Здесь теперь музей поэта. Пейзаж не изменился: те же заросли цветущего белого боярышника и желтого утесника на дороге, ведущей к башне, те же черные болотные курочки в запруженном ручье (на редкость изящные создания, в России я таких не видел), те же коровы в примыкающей к пруду низине.
Сначала идет пейзаж; потом — интерьер башни, к тому времени еще не полностью отремонтированной. Строители восстановили разрушенные перекрытия, делившие башню на несколько этажей. Соединяла их крутая и узкая винтовая лестница, пробитая в толстой стене. Столовая была на первом этаже, спальня — на втором, и кабинет Йейтса — на третьем. Каменные полы, покрытые циновками, стены, постоянно сочащиеся влагой и потому не украшенные ни картинами, ни фотографиями, простая и скудная мебель — все это создавало суровую, почти средневековую обстановку (таков и был замысел).
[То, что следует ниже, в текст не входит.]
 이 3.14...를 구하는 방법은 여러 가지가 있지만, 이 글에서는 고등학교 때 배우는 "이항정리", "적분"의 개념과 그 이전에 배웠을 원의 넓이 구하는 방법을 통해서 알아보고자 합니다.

Последняя строка «Моей крепости», возможно, нуждается в пояснении. В картах Таро — которым Йейтс придавал большое значение — шестнадцатый аркан называется Башня; разрушаемая ударом молнии, она означает гордость, превратность судьбы и тому подобные вещи.
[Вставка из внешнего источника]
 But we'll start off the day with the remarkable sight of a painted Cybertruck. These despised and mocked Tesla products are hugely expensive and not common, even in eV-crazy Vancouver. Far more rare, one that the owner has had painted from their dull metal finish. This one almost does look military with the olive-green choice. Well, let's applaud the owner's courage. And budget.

Стихотворение «Мой стол» переносит нас в кабинет поэта. На столе — свеча, бумага, перо и завернутый в цветную ткань японский меч — с ним связана особая история.
Этот старинный (сделанный более пятисот лет назад) самурайский меч подарил Йейтсу во время его лекционной поездки по США в 1920 году Юндзо Сато, молодой японец, живший в Портленде. Йейтс долго отказывался от этого дара, но в конце концов принял его с тем условием, чтобы после смерти поэта фамильная реликвия была возвращена прежнему владельцу. Этот пункт был записан в завещании Йейтса и неукоснительно исполнен: меч вернулся в семью Сато.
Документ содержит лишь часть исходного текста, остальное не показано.